Monday, March 16, 2020

The Isolated Introvert: Why Am I Not Exhilarated?

Under normal circumstances, the thought of sequestering myself away from the rest of the world would be an intoxicating prospect. I've been known to go on vacations and want nothing more than to sit by the fireplace or to breathe fresh air in the sun (depending on the season) with a thick book or a crafting project. Why, then, is this pandemic's requirement of "social distancing" such a challenge for me?

The answer occurred to me after a recent conversation with a colleague about the way the nervous system works. When we're in imminent danger, our sympathetic nervous system (SNS) takes over with a fight/flight/freeze response. The reverse can also happen. If we're frozen for some other reason, such as needing to remain still for a dental cleaning, it can trigger the sensation of being afraid.

I realized that being required to stay away from people is reminding my nervous system of what it was like to feel depressed. Even though staying home due to depression might seem like a choice, it really isn't. The impulse to make social contact is non-existent. So having that choice taken away from me, whether by government guidance or by the state of my mental health, it feels the same in my body.

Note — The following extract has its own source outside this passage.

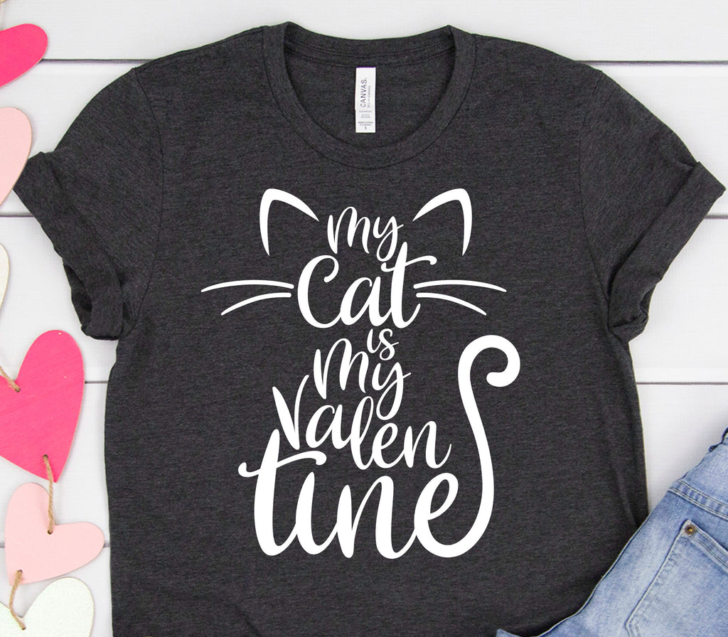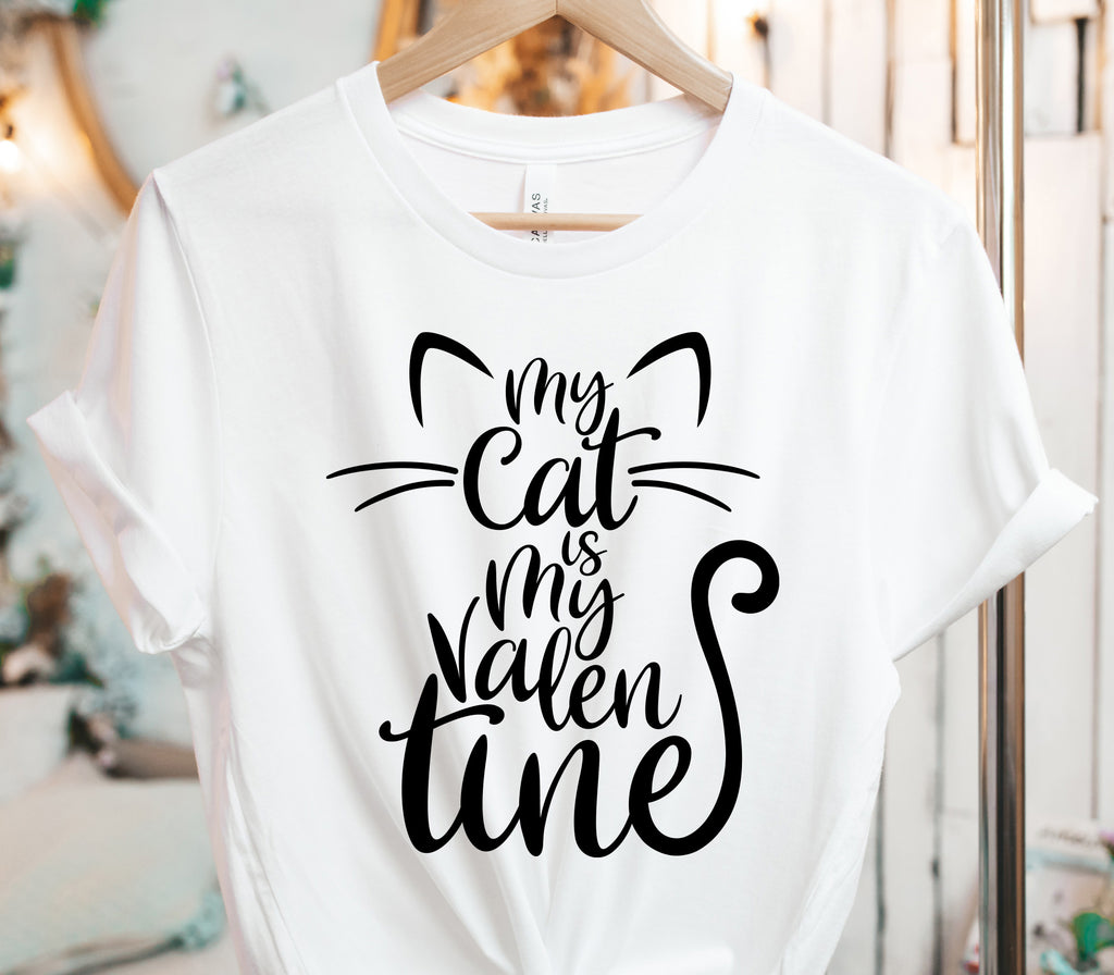 My cat is my Valentine SVG and DXF cut files. Make a great Valentine’s Day t-shirt for any cat lover with this adorable Valentine cat design. Our cut files are compatible with Cricut and Silhouette cutting machines, and will make great adhesive vinyl and heat transfer vinyl for t-shirts, mugs, home decor, window decals, and more! High resolution 300 dpi PNG clip art is also included.

Not all is lost, though. The nervous system can be persuaded to change its perspective and can be convinced that the two situations are not equivalent. A quick way to do that is to access the parasympathetic nervous system (PNS) via the vagus nerve, which offers calming support. Here are a few ways that can happen:
  • intentional breathing - If you are anxious, take care to exhale longer than you inhale.
  • cold - A frigid compress/shower, or an iced beverage or frozen food, stimulates the "rest-and-digest" aspect of the PNS. (I suspect that's why sitting down with a pint of ice cream can be so comforting!)
  • vocalizing - It doesn't matter whether you talk, hum, sing, or laugh. Using your voice connects directly to the vagus nerve.
The above suggestions are only the first step. They can help create a safer space where you can discover and resolve whatever the underlying issue (injury) might be. That's how I realized my own connection between isolation and depression. It also gave me room to formulate some ways to feel better about being physically disconnected from others.

Here are some of my ideas for getting excited about my unexpected alone-time:
  • Create a schedule. Uncertainty feels overwhelming. Having a plan, no matter how inconsequential the individual tasks are, builds a foundation. 
  • Offer Reiki to our collective circumstance.
  • Connect with loved-ones to catch up and with colleagues to collaborate.
  • Work on cross-stitch projects that have fallen by the wayside.
  • Write posts for this blog. I've had lots of ideas but not as much focused time as I wanted. (This isn't a topic that I intended to write about, but here we are.)
  • De-clutter my living space - and take the time to figure out why it got that way in the first place.
  • Practice being gentle with myself. (i.e., Progress, not perfection.)
  • Find ways to bring my business offerings into virtual spaces.
How are you planning to use this time? How might I support you?